▶

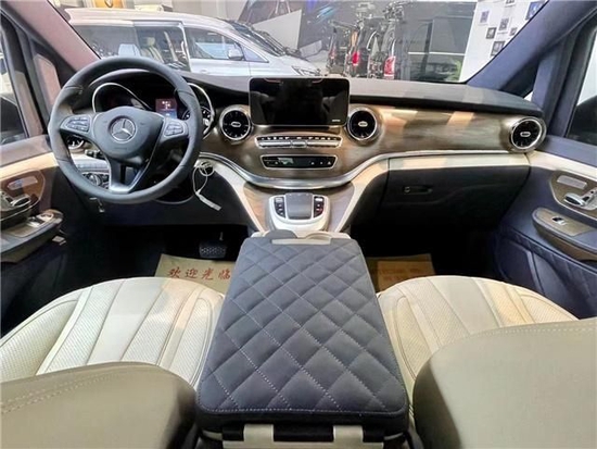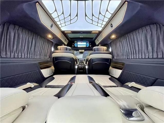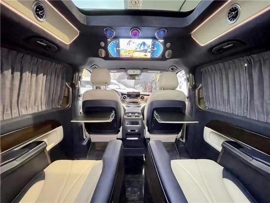 巴塞罗娜奔驰商务车中排座椅转过来后可以形成小型会议室布局,中间有张隐藏式办公桌板瞬间满足会议使用需求,在平时还可以拼成一张简单双人床,这样也可以满足不同人群在旅途中休息需要,这是一款多功能商务房车,车辆上半部分配有进口阿尔坎塔拉皮绒,整体效果更加清新,时尚。
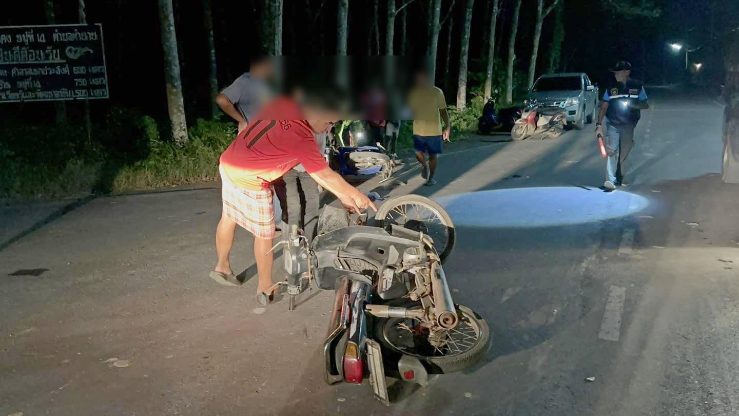 รถจักรยานยนต์ชนกันกลางทาง 3 แพร่ง มีผู้บาดเจ็บสาหัส 1 ราย, อีก 1 รายไปเสียชีวิตที่โรงพยาบาล จ.พัทลุง
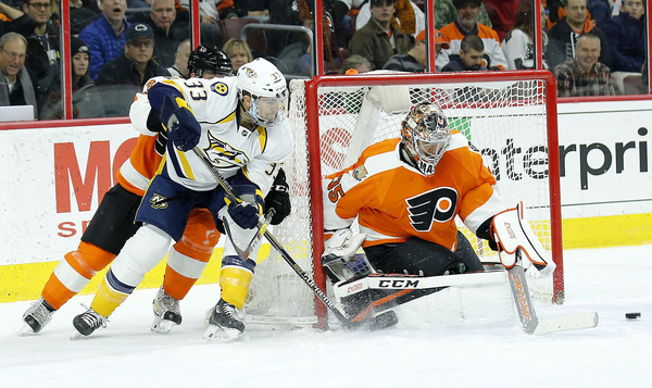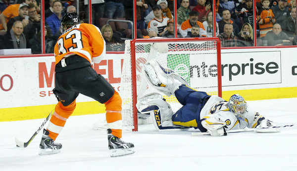 Steve Mason (30 saves) made four stops during a Nashville-controlled overtime, helping send the game to a shootout. But Nick Cousins, Claude Giroux, and Jake Voracek couldn't beat Pekka Rinne in the shootout.
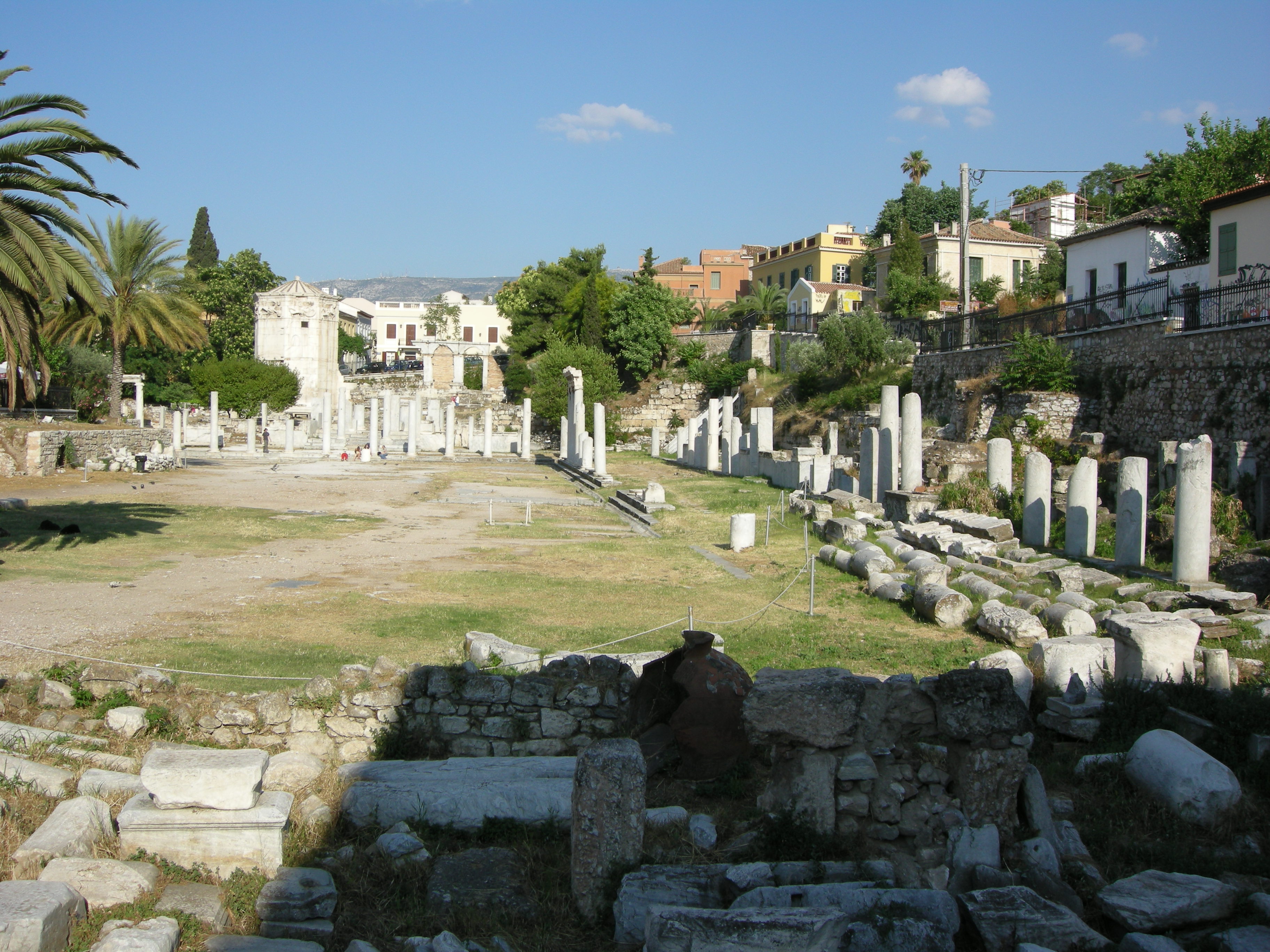 Athens Sights & Monuments - Located adjacent to the Acropolis in Athens, Greece, is the magnificent Roman Agora. This awe-inspiring structure was intentionally placed near the epicenter of pagan worship, similar to other Greek cities' capital markets. Dating back to the first century BC, the Roman Agora was generously funded by Julius Caesar Augustus and boasts a spacious rectangular courtyard encircled by an array of shops and warehouses. While tourists explore the inner courtyard adorned with Ionic columns, the complex's outer limits lead directly into Athens' bustling Monastiraki shopping district. Experience the history and grandeur of the Roman Agora in Athens, Greece.
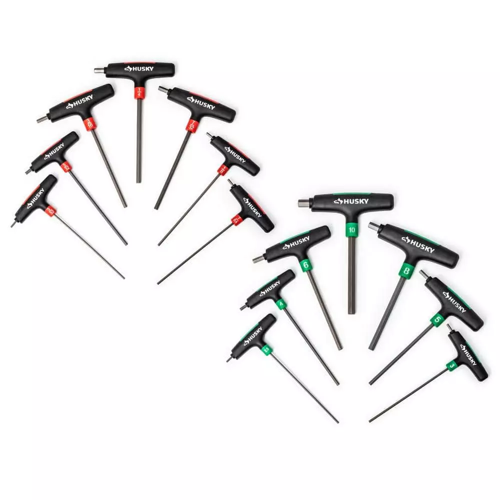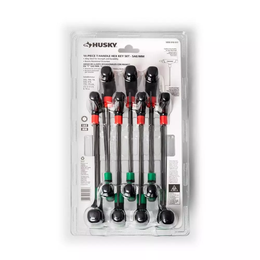 The Husky 14-Piece SAE and MM T-through Handle Hex Key Set is manufactured from allow steel for strength and durability. The comfortable ergonomic grip covers an L-shaped key giving you extra leverage on stubborn fasteners. The keys are designed to resist rotational distortion for years of service.
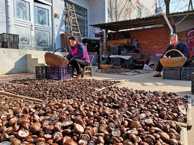 夜村鎮(zhèn)代朝波家院子曬滿了剛采的香菇
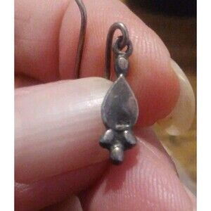 Vtg Jet Back 925 Teardrop Hook Dangle Earrings Marked
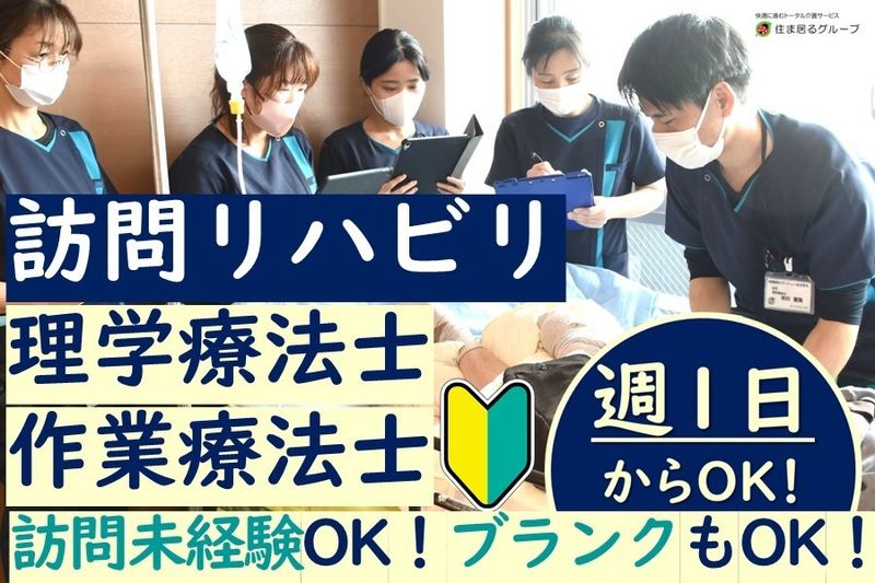 【仕事内容】 週1日からOK!1日3時間からOK!Wワーク・副業もOK!希望の勤務日・時間ご相談ください! 訪問リハビリが「はじめて」という未経験の方も大歓迎!ブランクある方ももちろん大歓迎!20代~50代の男女活躍中! ■主なお仕事内容 併設の有料老人ホームへの訪問リハビリ業務が中心です。 ・主治医に報告するための健康状態チェックと記録 (体温・血圧・脈拍・呼吸など) ・指示書に基づいたリハビリ対応 ・健康に関するアドバイス ・利用者様、ご家族様のメンタルサポート など ◎一部訪問エリア 多治見市・土岐市が中心 ◎訪問件数 1日平均して4〜5件訪問(勤務時間によって異なります) ■こんな方にオススメ ・人間関係が良い会社で働きたい ・仕事もプライベートも充実させたい ・ご利用者様と一人一人向き合いたい ・将来性のある会社で活躍したい ■実務未経験の方も歓迎です 先輩スタッフが、一から丁寧にサポートします。ブランクのある方も、研修やフォローがしっかりしているのでご安心ください。 スキルアップにつながる勉強会やカンファレンスなども充実しています。(残業はほとんどなく、家庭・プライベートとの両立も安心です) ■住ま居るグループについて 株式会社 YUKAIGO・株式会社 快GO TOKAI・株式会社すまいるの「住ま居るグループ」では、居宅介護支援事業所、グループホーム、 住宅型有料老人ホーム、デイサービス、ヘルパーステーション、訪問看護ステーション、福祉用具 販売・貸与を多治見市、土岐市で展開しております。 地域の皆さまや働く職員やそのご家族を素敵な「笑顔」にできるように。 2024年10月には、住宅型有料老人ホームとしては3施設目となる「住宅型有料老人ホーム住ま居るメディカ 土岐」をオープン。 よりたくさんの方に喜んでいただけるように事業を拡大しております。 まずは、施設や職場の様子を見に来てみませんか? まずは、『詳しいお話を聞きたい』『会社・事業所・仕事の様子を見学したい』といったご希望もお気軽にご相談ください。 お問い合わせ・ご応募お待ちしております。
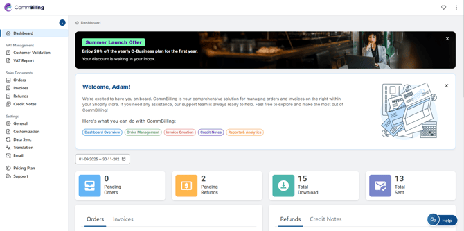 CommBilling uygulamasını doğru şekilde yapılandırmak, doğru KDV işlemesini, sorunsuz sipariş senkronizasyonunu, mevzuata uygun faturalandırmayı ve tamamen otomatik bir faturalandırma akışını garanti eder. Bu başlangıç yapılandırması, satış belgelerinizin, otomasyon kurallarınızın ve tasarım tercihlerinizi Shopify mağazanızla sorunsuz bir şekilde çalışmasını sağlamak için gereklidir.
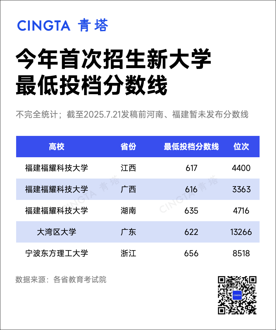 2025年本科普通批院校專業(yè)組投檔最低分?jǐn)?shù)線。今年首次招生的新大學(xué)——

◀

Repeat the material above exactly; any picture in it is left out.

 巴塞罗娜奔驰商务车中排座椅转过来后可以形成小型会议室布局,中间有张隐藏式办公桌板瞬间满足会议使用需求,在平时还可以拼成一张简单双人床,这样也可以满足不同人群在旅途中休息需要,这是一款多功能商务房车,车辆上半部分配有进口阿尔坎塔拉皮绒,整体效果更加清新,时尚。
 รถจักรยานยนต์ชนกันกลางทาง 3 แพร่ง มีผู้บาดเจ็บสาหัส 1 ราย, อีก 1 รายไปเสียชีวิตที่โรงพยาบาล จ.พัทลุง
 Steve Mason (30 saves) made four stops during a Nashville-controlled overtime, helping send the game to a shootout. But Nick Cousins, Claude Giroux, and Jake Voracek couldn't beat Pekka Rinne in the shootout.
 Athens Sights & Monuments - Located adjacent to the Acropolis in Athens, Greece, is the magnificent Roman Agora. This awe-inspiring structure was intentionally placed near the epicenter of pagan worship, similar to other Greek cities' capital markets. Dating back to the first century BC, the Roman Agora was generously funded by Julius Caesar Augustus and boasts a spacious rectangular courtyard encircled by an array of shops and warehouses. While tourists explore the inner courtyard adorned with Ionic columns, the complex's outer limits lead directly into Athens' bustling Monastiraki shopping district. Experience the history and grandeur of the Roman Agora in Athens, Greece.
 The Husky 14-Piece SAE and MM T-through Handle Hex Key Set is manufactured from allow steel for strength and durability. The comfortable ergonomic grip covers an L-shaped key giving you extra leverage on stubborn fasteners. The keys are designed to resist rotational distortion for years of service.
 夜村鎮(zhèn)代朝波家院子曬滿了剛采的香菇
 Vtg Jet Back 925 Teardrop Hook Dangle Earrings Marked
 【仕事内容】 週1日からOK!1日3時間からOK!Wワーク・副業もOK!希望の勤務日・時間ご相談ください! 訪問リハビリが「はじめて」という未経験の方も大歓迎!ブランクある方ももちろん大歓迎!20代~50代の男女活躍中! ■主なお仕事内容 併設の有料老人ホームへの訪問リハビリ業務が中心です。 ・主治医に報告するための健康状態チェックと記録 (体温・血圧・脈拍・呼吸など) ・指示書に基づいたリハビリ対応 ・健康に関するアドバイス ・利用者様、ご家族様のメンタルサポート など ◎一部訪問エリア 多治見市・土岐市が中心 ◎訪問件数 1日平均して4〜5件訪問(勤務時間によって異なります) ■こんな方にオススメ ・人間関係が良い会社で働きたい ・仕事もプライベートも充実させたい ・ご利用者様と一人一人向き合いたい ・将来性のある会社で活躍したい ■実務未経験の方も歓迎です 先輩スタッフが、一から丁寧にサポートします。ブランクのある方も、研修やフォローがしっかりしているのでご安心ください。 スキルアップにつながる勉強会やカンファレンスなども充実しています。(残業はほとんどなく、家庭・プライベートとの両立も安心です) ■住ま居るグループについて 株式会社 YUKAIGO・株式会社 快GO TOKAI・株式会社すまいるの「住ま居るグループ」では、居宅介護支援事業所、グループホーム、 住宅型有料老人ホーム、デイサービス、ヘルパーステーション、訪問看護ステーション、福祉用具 販売・貸与を多治見市、土岐市で展開しております。 地域の皆さまや働く職員やそのご家族を素敵な「笑顔」にできるように。 2024年10月には、住宅型有料老人ホームとしては3施設目となる「住宅型有料老人ホーム住ま居るメディカ 土岐」をオープン。 よりたくさんの方に喜んでいただけるように事業を拡大しております。 まずは、施設や職場の様子を見に来てみませんか? まずは、『詳しいお話を聞きたい』『会社・事業所・仕事の様子を見学したい』といったご希望もお気軽にご相談ください。 お問い合わせ・ご応募お待ちしております。
 CommBilling uygulamasını doğru şekilde yapılandırmak, doğru KDV işlemesini, sorunsuz sipariş senkronizasyonunu, mevzuata uygun faturalandırmayı ve tamamen otomatik bir faturalandırma akışını garanti eder. Bu başlangıç yapılandırması, satış belgelerinizin, otomasyon kurallarınızın ve tasarım tercihlerinizi Shopify mağazanızla sorunsuz bir şekilde çalışmasını sağlamak için gereklidir.
 2025年本科普通批院校專業(yè)組投檔最低分?jǐn)?shù)線。今年首次招生的新大學(xué)——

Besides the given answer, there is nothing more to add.